Die Klage, dass die „Raumexperten“, wie sie sich in den Kultur- und Sozialwissenschaften darstellen, zu kurz kommen angesichts der Metadiskussion, die sich im Steinbruch der wissenschaftlichen kulturtheoretischen Wenden vollziehen (vgl. dazu: Jörg Döring / Tristan Thielmann, Hrsg.,: Spatial turn. Das Raumparadigma in den Kultur- und Sozialwissenschaften, 2008, www.socialnet.de/rezensionen/6606.php Christian Berndt / Robert Pütz, Hrsg., Kulturelle Geographien. Zur Beschäftigung mit Raum und Ort nach dem Cultural Turn, 2007, www.socialnet.de/rezensionen/6651.php), wird seit einigen Jahren insbesondere von der konstruktivistischen Forschung aufgenommen. Sie gründet auf der Überzeugung, dass „grundsätzlich … Kulturlandschaften sozial konstituiert sind“ und fragt danach, wer von Kulturlandschaft spricht, wie Kulturlandschaft kommuniziert wird und wer die Akteure in diesem Kommunikationsprozess sind. Die konstruktivistische, interpretative Landschaftsforschung will dabei sowohl Grundlagen für den Erkenntnisprozess von Landschaft legen, als auch Instrumentarien und Methoden bereitstellen, um eine kritische Auseinandersetzung zum menschlichen Umgang mit Raum und Landschaft theoretisch und praktisch leisten zu können.

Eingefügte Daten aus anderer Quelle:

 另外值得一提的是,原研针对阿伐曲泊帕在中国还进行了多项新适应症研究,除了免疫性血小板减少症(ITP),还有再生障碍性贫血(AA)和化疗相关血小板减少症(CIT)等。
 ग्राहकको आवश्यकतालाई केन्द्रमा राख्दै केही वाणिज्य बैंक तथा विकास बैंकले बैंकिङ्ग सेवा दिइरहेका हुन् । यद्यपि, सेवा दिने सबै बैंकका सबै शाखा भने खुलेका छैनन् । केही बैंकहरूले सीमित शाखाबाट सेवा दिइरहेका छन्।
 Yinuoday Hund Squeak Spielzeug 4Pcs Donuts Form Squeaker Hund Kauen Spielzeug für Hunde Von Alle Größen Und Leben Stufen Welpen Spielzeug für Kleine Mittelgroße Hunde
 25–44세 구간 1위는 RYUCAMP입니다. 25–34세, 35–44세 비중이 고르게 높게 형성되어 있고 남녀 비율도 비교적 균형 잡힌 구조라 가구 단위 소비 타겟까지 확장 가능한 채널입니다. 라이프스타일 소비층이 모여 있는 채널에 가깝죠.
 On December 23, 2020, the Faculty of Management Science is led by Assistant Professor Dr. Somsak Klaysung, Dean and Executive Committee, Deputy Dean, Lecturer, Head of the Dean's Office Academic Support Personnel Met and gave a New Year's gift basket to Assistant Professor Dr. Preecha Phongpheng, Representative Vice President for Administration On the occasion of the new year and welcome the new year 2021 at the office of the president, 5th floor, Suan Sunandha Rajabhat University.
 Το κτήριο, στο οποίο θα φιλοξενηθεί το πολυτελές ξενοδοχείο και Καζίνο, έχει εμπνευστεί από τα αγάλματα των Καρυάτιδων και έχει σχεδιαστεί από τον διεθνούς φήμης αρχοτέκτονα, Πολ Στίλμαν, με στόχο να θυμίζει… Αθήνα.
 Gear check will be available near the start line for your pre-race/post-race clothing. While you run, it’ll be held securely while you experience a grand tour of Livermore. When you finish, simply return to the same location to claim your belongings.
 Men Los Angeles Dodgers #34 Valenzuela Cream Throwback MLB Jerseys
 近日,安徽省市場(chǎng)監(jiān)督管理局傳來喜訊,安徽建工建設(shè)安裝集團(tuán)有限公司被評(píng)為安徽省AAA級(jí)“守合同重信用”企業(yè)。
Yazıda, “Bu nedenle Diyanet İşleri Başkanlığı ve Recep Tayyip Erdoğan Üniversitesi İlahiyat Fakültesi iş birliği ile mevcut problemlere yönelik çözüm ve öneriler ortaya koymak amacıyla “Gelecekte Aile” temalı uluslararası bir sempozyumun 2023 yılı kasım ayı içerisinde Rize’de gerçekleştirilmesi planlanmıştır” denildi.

Entstehungshintergrund und Herausgeberteam

In der Berliner „Leibniz-Gemeinschaft“ haben sich 86 wissenschaftliche Forschungseinrichtungen zusammengeschlossen, die in den verschiedenen Bereichen der Natur-, Ingenieur-, Umwelt-, Wirtschafts-, Raum-, Sozial- und Geisteswissenschaften tätig sind und als Leibniz-Institute selbständig arbeiten. Sie erheben den Anspruch, grundlegende gesellschaftliche, ökonomische und ökologische Fragestellungen in den Diskurs zu bringen, erkenntnis- und anwendungsorientierte Grundlagenforschung zu betreiben und die Rahmenbedingungen für den gesellschaftlichen Diskurs aufzuzeigen. Im Projektverbund „Konstituierung von Kulturlandschaften“ haben von 2008 bis 2012 mehrere Leibniz-Institute zusammen gearbeitet. Die Ergebnisse werden im Sammelband „Wie werden Landschaften gemacht?“ vorgelegt. Der gemeinsame Nenner der Forschungskooperation lässt sich im Statement verdeutlichen: „Wenn jegliche soziale Wirklichkeit sozial konstruiert ist und wenn das, was wir als Wirklichkeit wahrnehmen, stets von der Perspektive des konstruierenden Beobachters abhängig ist, kann es keine beobachtungsunabhängige Erfahrung und Erkenntnis der Wirklichkeit geben“ (vgl. dazu auch: Lawrence LeShan, Das Rätsel der Erkenntnis. Wie Realität entsteht, 2012, www.socialnet.de/rezensionen/13512.php).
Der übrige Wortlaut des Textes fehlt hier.